Take these 3 results:

+2 -0 =8
+20 -0 =80
+200 -0 =800

...

And all in all, all your objections of handicapping SF8 are almost irrelevant.
I think your argument is excellent, I'd not thought of that, but I'm not persuaded by your conclusion.

If SF was raised by 100 elo (and this seems possible taking a variety of steps: hash, opening book, TB, HT OFF on a faster machine, TC and so on)
then the result would be much closer.

If it was (say) +10, =90

and this followed through to

+100
=900

then I would agree with you, but we don't know that.

Secondly, a really good book can sometimes catch the opponent out with a deep line. It could be that without its book SF just didn't get positions it could pressure A0 with.

Don't listen to Kai, he does not know much about chess.
It is more than obvious most of the games were decided in the early opening, so that was crucial.
Alpha repetitively won 2 French Defence games in the very same manner, 2 QID games in the very same manner, 4 more games, when it got huge advantage out of the opening. So, it is good to have your conclusions, but to know your facts: the opening book was by far the most important factor in the match, even weightier than the hardware advantage.

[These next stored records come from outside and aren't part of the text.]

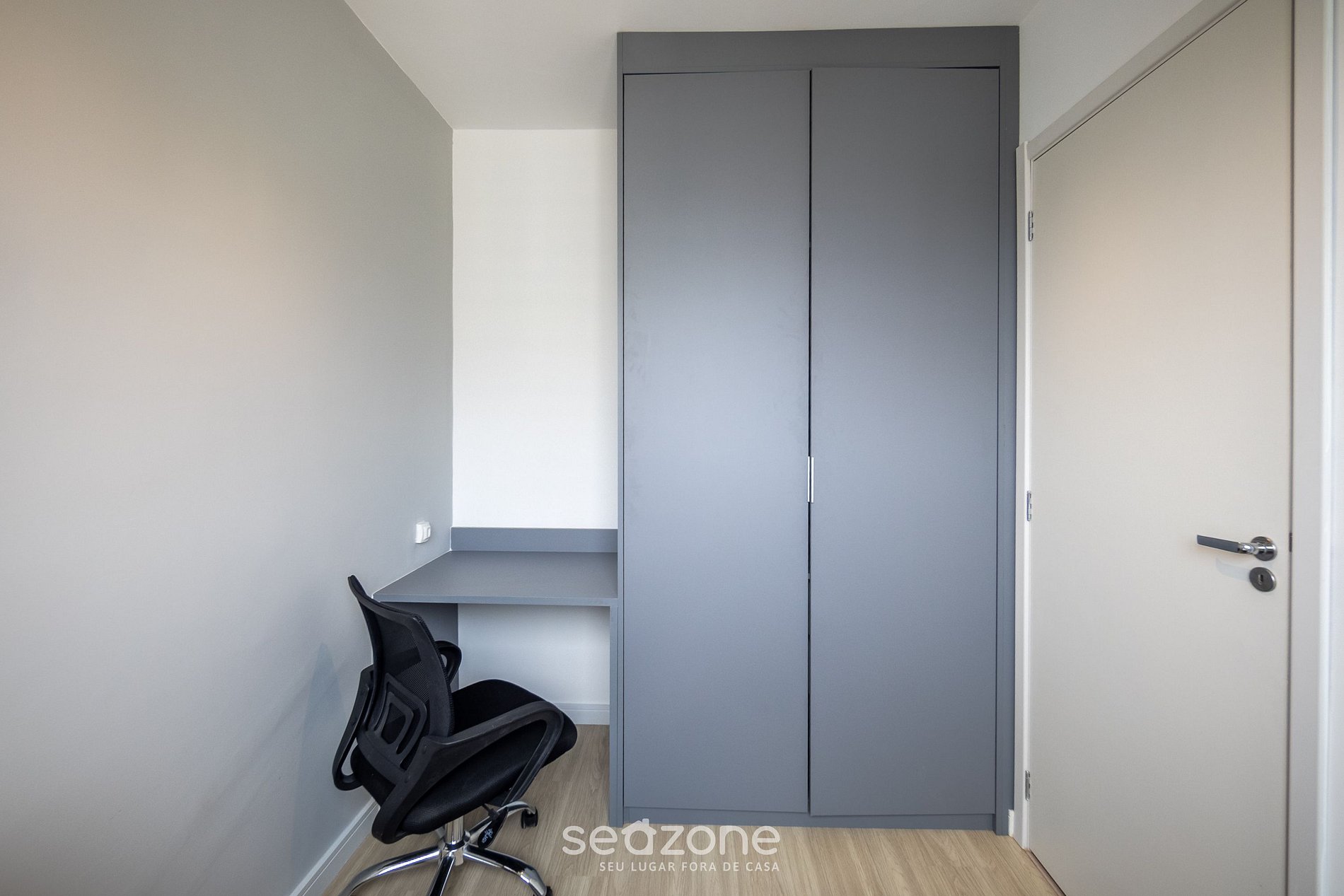 - 1 dormitorio con cama individual, armario y escritorio para estudio/trabajo;
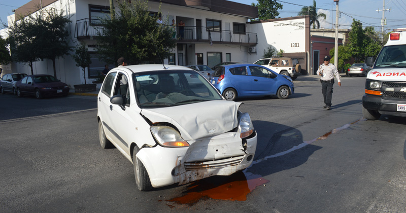 Señora tripulaba su sedan y olvida frenar. Se estrella con otro sedan. La presunta responsable es llevada a un centro hospitalario
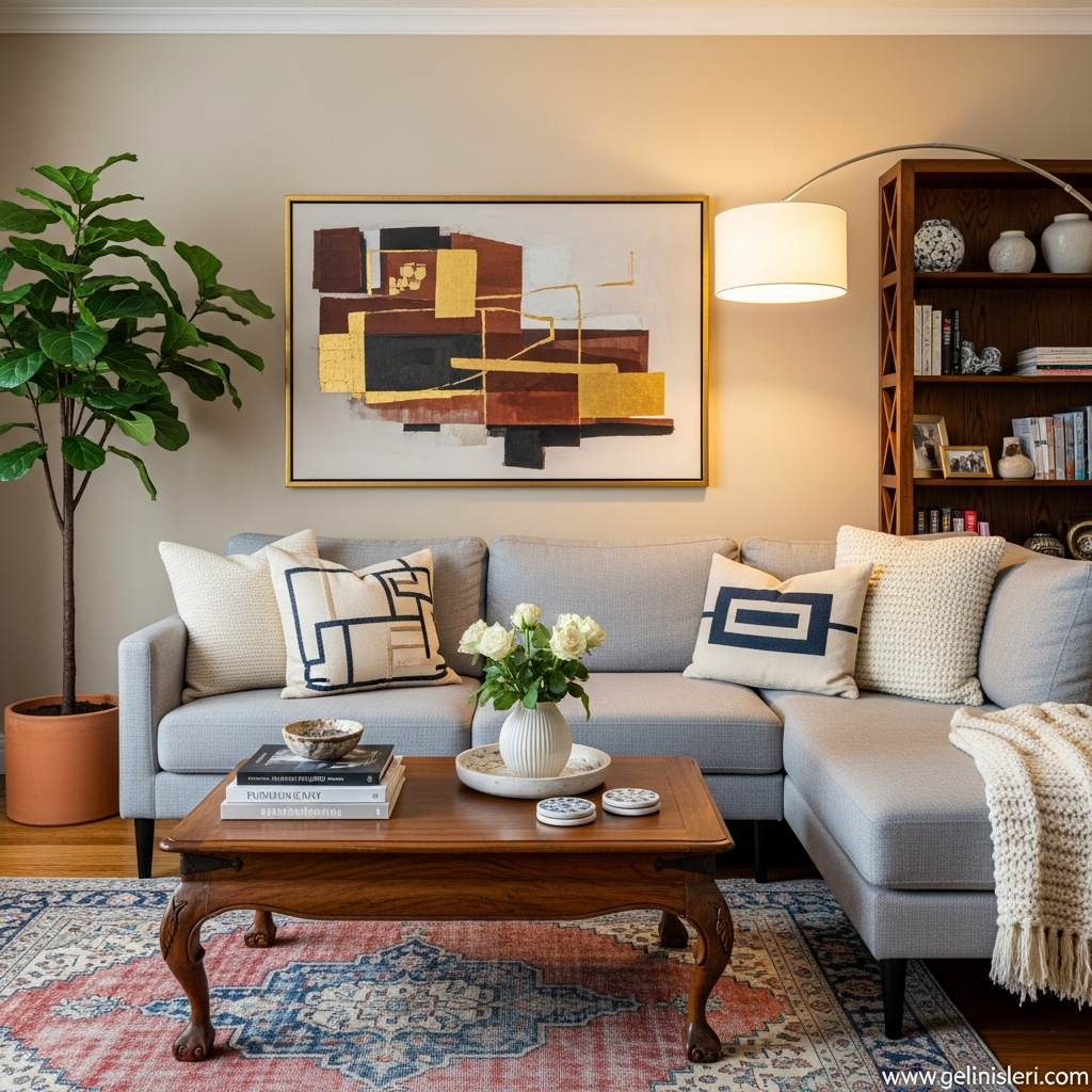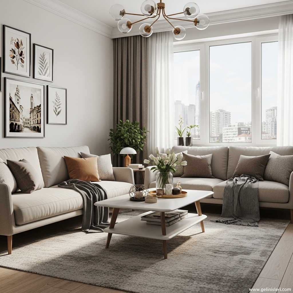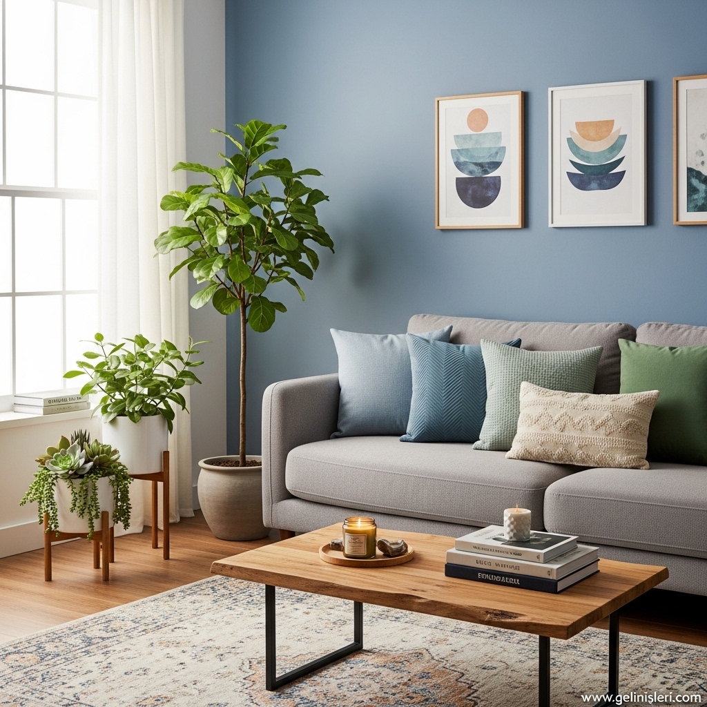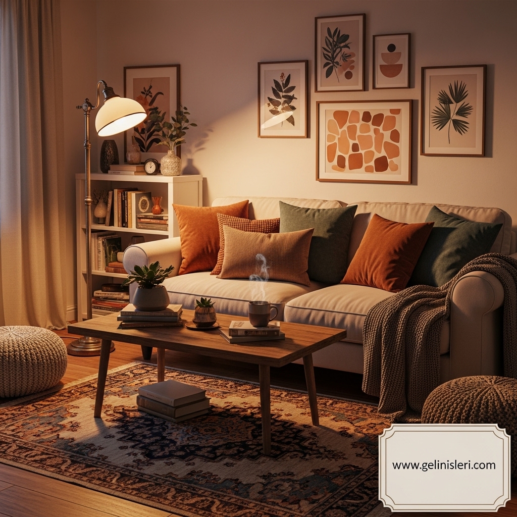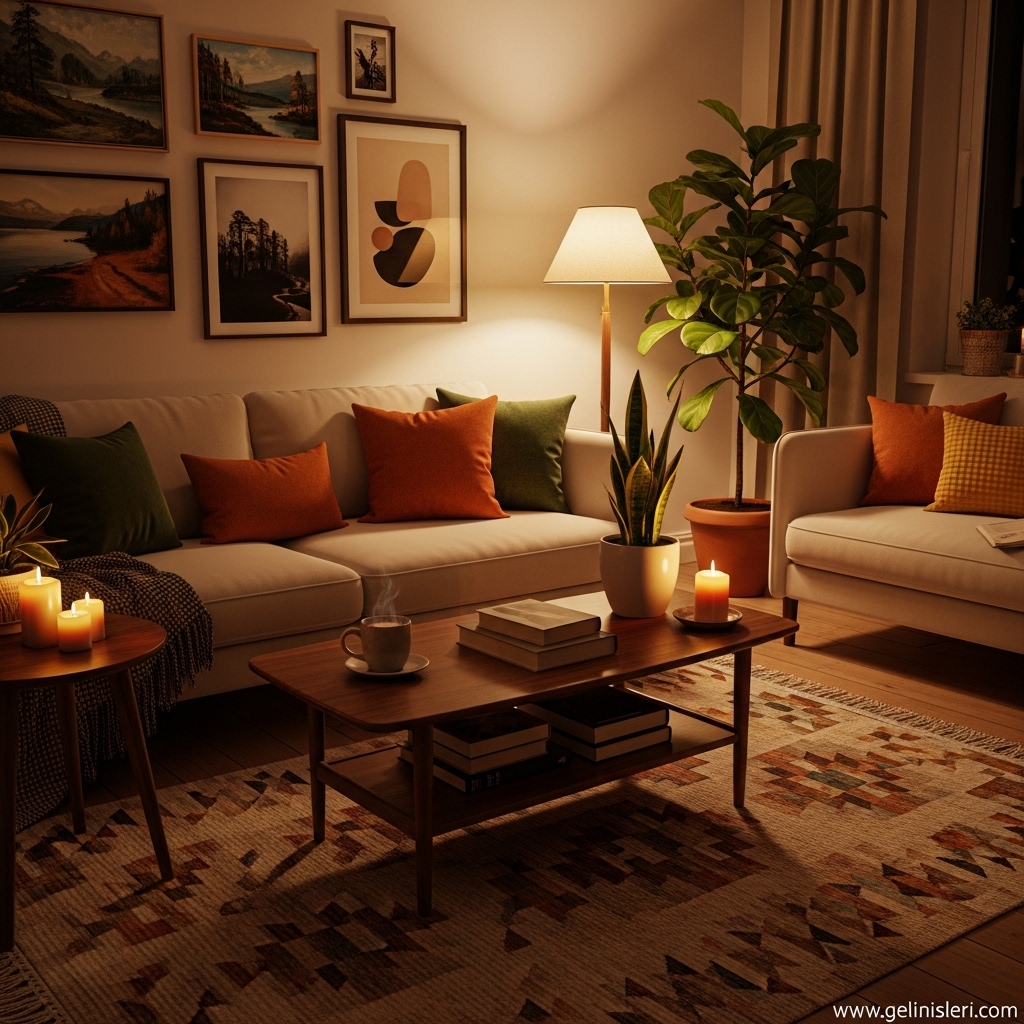 Duvar tabloları, dekoratif yastıklar ve doğal dokulu objeler oturma odasına kişisel bir dokunuş katar.
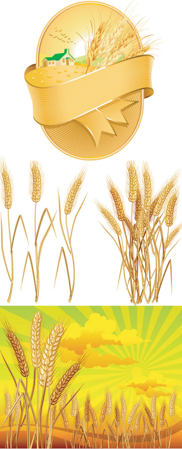 EPS格式,含JPG预览图,关键字:矢量植物,小麦,金色,丰收,喜悦,秋天,矢量图
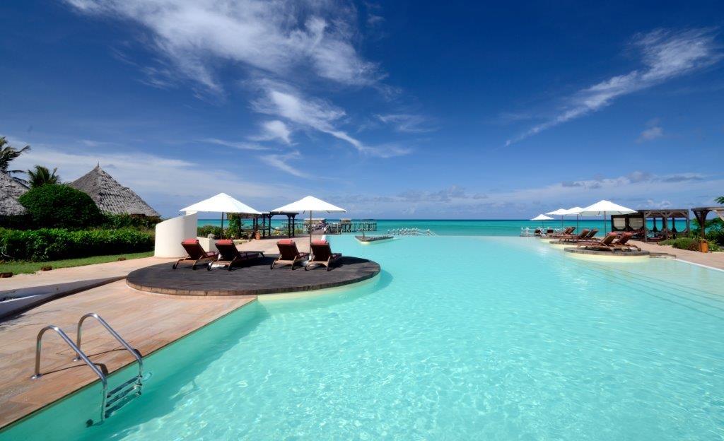 Strandparadies direkt am Indischen Ozean, feiner Sandstrand mit kristallklaren Wasser, lange Pier, große Poollandschaft, 2.000 Quadratmeter Wellness- und Fitnessbereich, 450 Quadratmeter große Kunstgalerie, Tauchen, Schnorcheln, Segeln, Touren ins Landesinnere, Essque Zalu im Paket buchbar mit vorherigem Aufenthalt in der The Retreat Selous Safari Lodge in Tansania, Hochzeiten und Honeymoon.
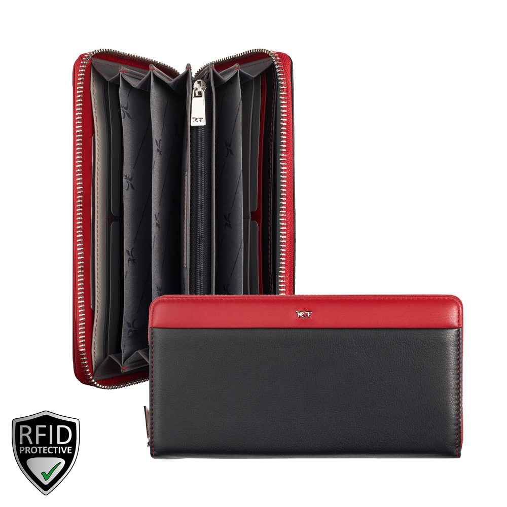 1 RFID Hacker Protection, 14 Kreditkartenfächer, 1 Fotofach, 1 Münzfach mit Reissverschluss, 5 Notenfächer, 2 Steckfächer, 1 Steckfach aussen
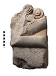 Pedimental top, the left akroterion of which is a reclining winged griffin or spinx.
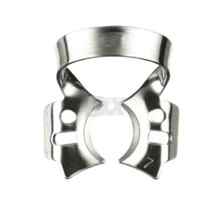 • кламп для молярів верхньої та нижньої щелепи. Особливість клампа – пласкі бічні щічки. Один з найменш агресивних клампів, може застосовуватися при реставрації I-класу за Блеком, якщо вона проводиться на фісурному карієсі.
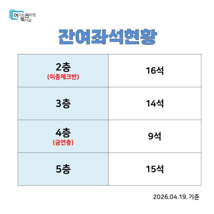 [대학동/고시촌/신림동 관리형 독서실] 4월 셋째주 실원 좌석현황 (잔여좌석 54석)
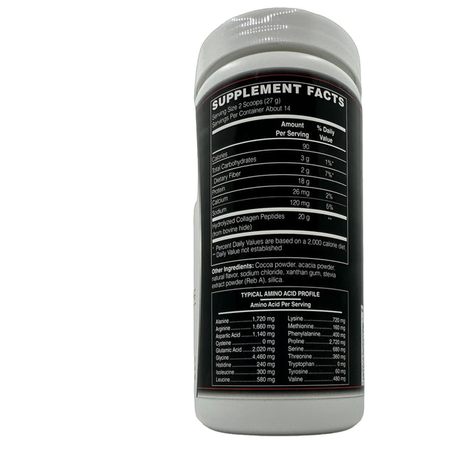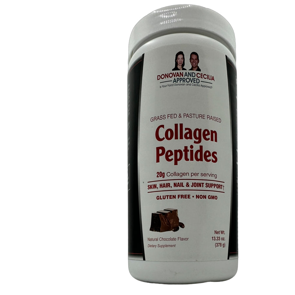 Grass-Fed and Pasture-Raised Chocolate Collagen Peptides. Provides 20g of Grass-Fed, Non-GMO bovine collagen peptides per serving in delicious chocolate flavor. No gluten, dairy, or soy. Collagen is the most abundant protein in the body and is the main component of connective tissue. It is the tough, fibrous protein in hair, nails, tendons, ligaments, and skin. Collagen helps preserve the elastin in the skin, helping it to stay toned and supple, and collagen also gives tendons and ligaments their toughness. As we age, our body begins producing less collagen, which is one reason why skin starts to sag and joints become achy. Our Collagen Peptides Powder is hydrolyzed and contains types 1 & 3 collagen which supports skin, muscles, and bone health.† Hydrolyzed collagen is easier to absorb, allowing the amino acids to be utilized more efficiently. Collagen Peptides Powder is rich in the amino acids glycine, proline, hydroxyproline, and alanine which help promote collagen synthesis in our body. Features * 20g Collagen Peptides per serving * Grass-fed & pasture-raised bovine collagen * Hydrolyzed type 1 & 3 * Collagen Non-GMO * Simple and Clean Ingredients * Delicious Chocolate Flavor (Also available in Vanilla and Unflavored) Benefits * Supports a healthy inflammation response.† * Supports joint function and mobility.† * May support health of the lining of the intestinal tract.† * Strengthens connective tissue and helps aid recovery from physical stress or trauma.† * Strengthens extracellular matrix and helps to form fibroblast to create new skin cells.† * Helps to strengthen and firm elastin in the dermis layer of skin, providing an anti-aging effect.† * Mixes instantly No Gluten, Dairy, or Soy No fillers or Artificial Ingredients post-workout. About us. Donovan and Cecilia Approved products use our strict and science-based approach to find clean supplements for your healthy lifestyle goals. † These statements have not been evaluated by The Food and Drug Administration. This product is not intended to diagnose, treat, cure or prevent any disease.

So that, people are drawing some conclusions using general rules, while they fail to consider the most important facts: that could not be very scientific.

PS. and those were only the published ones; if the 10 published games contain repetitive wins, I don't know what the unpublished games contain...

CheckersGuy · Post by **CheckersGuy** » Wed Dec 20, 2017 6:12 pm

If that's your mentality then you go around the world learning only a fraction of what you could learn

Ras · Post by **Ras** » Wed Dec 20, 2017 6:31 pm

Lyudmil Tsvetkov wrote:the opening book was by far the most important factor in the match

Nonsense. At 1 minute per move, Stockfish has quite some calculation depth on that hardware. If Stockfish willingly heads into positions it cannot handle well, then this is simply an engine shortcoming of Stockfish.

Werewolf · Post by **Werewolf** » Wed Dec 20, 2017 7:06 pm

Lyudmil Tsvetkov wrote:
PS. and those were only the published ones; if the 10 published games contain repetitive wins, I don't know what the unpublished games contain...

That's an interesting possibility. It really gives a whole new perspective on why they didn't publish the other 18 wins....perhaps they were so similar we'd smell a rat.

Werewolf · Post by **Werewolf** » Wed Dec 20, 2017 7:08 pm

hgm wrote: It only gives 5 Elo per doubling as long as the hash is still not large enough. Which is typically 10% of the size of the tree.) After that, there is no further advantage in enlarging the hash table (or it is even detrimental).

64 threads would fill 1 GB hash in seconds. I don't know what would be optimal but it must be quite a bit above this.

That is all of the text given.